The Castalian Spring fueled poetic inspiration, albeit often confused with the Spring of Pieris. The Castalian Band, a group of poets or makars associated with the Court of James VI of Scotland (including the king himself) drew their name from this source.

There is a town named Castalian Springs in Tennessee. A natural spring in this location was a gathering place for animals. Isaac Bledsoe discovered the spring in 1772. Having built a fort in 1783, Bledsoe, his brother, and their families settled near the spring in 1787. Native Americans killed the two brothers, who are now buried 500 yards northwest of the spring. Consequently, this area was known locally as Bledsoe's Lick. In 1828, a log inn was built, providing guests with "healthy" drinking water and mineral baths. Almost ten years later when the post office was built, the community changed its name from Bledsoe's Lick to Castalian Springs. During this period of time in history, there was a reawakening of interest in classical Greece and Rome.

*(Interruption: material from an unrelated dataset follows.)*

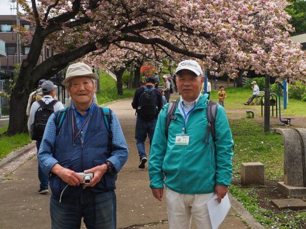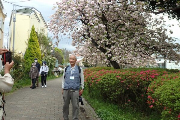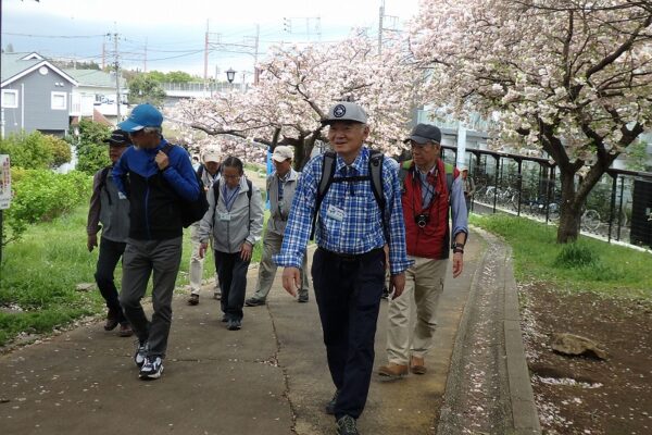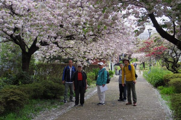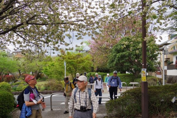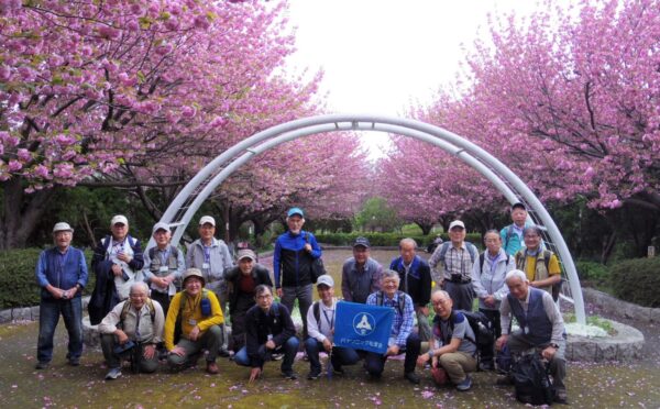 鶴舞公園を通り境川の遊歩道からつきみ野さくらの散歩道に到着。1.7kmも続く満開の八重桜を楽しみました。つきみ野7丁目交差点から住宅地を歩いて田園都市線つきみ野駅に到着。世話役から次回の案内を聞いて13時50分に無事終了し解散した。

In Castalia, Ohio, named after the famed site, the Blue Hole limestone configurations were tourist attractions for many years and are now fish hatcheries. Waters in the blue holes are of a constant temperature and never freeze over despite northern Ohio's cold temperatures. The water which averages 30,000 gallons an hour was first used to supply a local mill.

Castalian Springs was the name of a now-abandoned spa near Durant, Mississippi.